Edit: Chapter retconned to include the damage done by Finnish naval guns
At the same time as the Soviets had fought their way, inch by inch, into Pakistan, their relations with Finland had substantially worsened. For a start, many within the Soviet Union regarded Finland- like Poland- as a country with a dubious claim to independence. Finland had been an autonomous province of the Russian Empire before seizing the moment created by the dual revolutions of 1917 to break away and gain independence with German assistance. Throughout the 1920s and 1930s, Finland’s domestic politics had become progressively more and more anti-Soviet. Furthermore, both Lenin and Stalin had looked with alarm at the nation situated a mere twenty kilometres from Leningrad. On its own, Finland was a relatively placid state and posed little threat to the Soviet Union. However, there were fears in Soviet circles that it might fall under German influence or have German troops stationed on it… fears which the German-Soviet possession of a common enemy could not erase. Why thought Stalin, imagine if a hypothetical German attempt to secure the iron ore of Sweden
just so happened to put Army and
Luftwaffe units in Finland, which
just so happened to put them in range of Leningrad…
Initially, with the goal of not embroiling his country in a war on two fronts, Stalin proposed an exchange of territory. He would be willing to cede some territory in the Lake Onega region to Finland if Helsinki would cede the city of Petasmo and a border strip near Leningrad. (1) The offer was rejected by the Finnish government, which began to prepare for self-defence. On 30 November, 1939, five Russian armies crossed the Finnish border. As on the Pakistani front, the Soviets boasted a considerable numerical advantage- some 450,000 men in comparison to the Finnish 150,000. (2)

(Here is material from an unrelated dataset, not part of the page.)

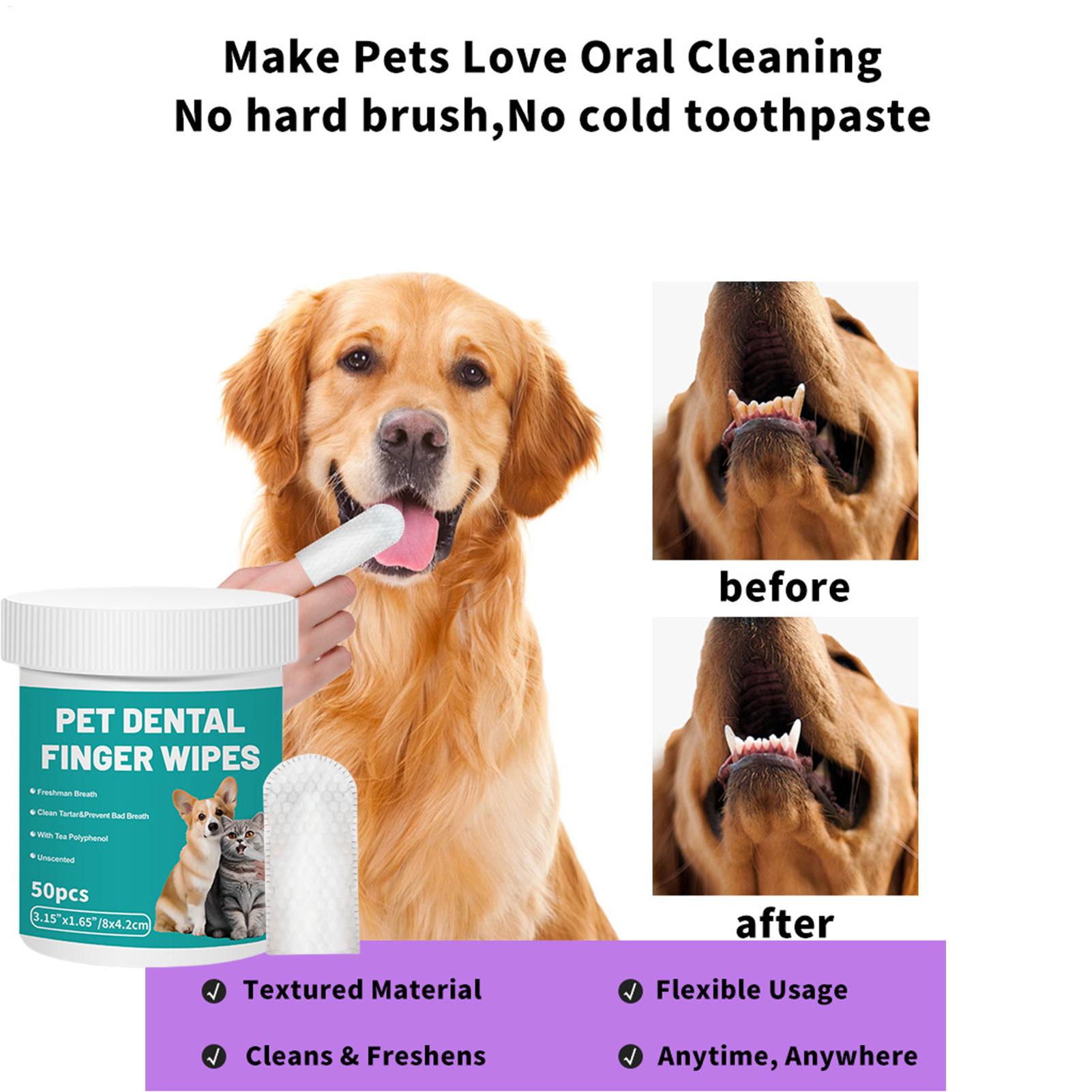 50Pcs Pet Teeth Cleaning Wipes | Dental Finger Wipes | Disposable Gentle Teeth Cleaning Pads | Bad Breath Remover | For Dogs And Cats
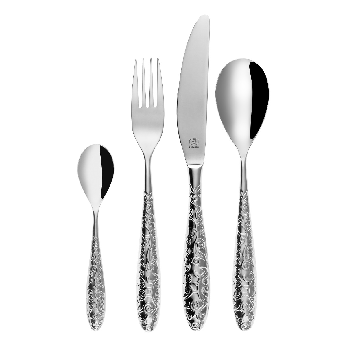 Az Eco Light evőeszközkészlet a Platinum Line kollekcióból finom, ugyanakkor figyelemfelkeltő dizájnjával tűnik ki. Az üreges nyelek, melyeket a természetes motívumokra emlékeztető domború minták díszítenek, egyedülálló bájt adnak a készletnek. A részletes kidolgozás és a könnyű konstrukció kombinációja révén az Eco Light ideális választás mindazok számára, akik eleganciát és egy kis eredetiséget keresnek. A készlet tartalma: 6 db kanál 6 db villa 6 db kés 6 db kávéskanál

Finland was by no means blind to the fact that they were David facing off against Goliath and had over the preceding years constructed a substantial line of fortifications on the Soviet border known as the Mannerheim Line (named in honour of Finnish independence hero Carl Gustav Mannerheim). Into this position, they packed 130,000 of their men, who faced off against a Red Army force almost twice their size. However, much like the defenders of Pakistan, the Finns were quickly able to outfox their nominally stronger foe. White camouflage uniforms and a sniper rifle enabled the defenders to pick off Russians one by one without being seen, and a Molotov cocktail could do a heck of a lot of damage in a densely forested area. Nonetheless, much like the quixotic, hopelessly outnumbered Anglo-Pashtun troops on the Northwest Frontier, the Finns were eventually forced to bow to the weight of numbers, and by 6 December, the Red Army had reached the Mannerheim Line. For the Finns, this was, in fact, something of a blessing in disguise, as once they had their backs to the wall their power only increased. Nimble, agile Finnish forces, availing themselves of ski troops and light artillery, gave Red Army general Semyon Timoshenko many headaches. No one knew how long the Finns could hold out, but they were certainly embarrassing the mighty USSR.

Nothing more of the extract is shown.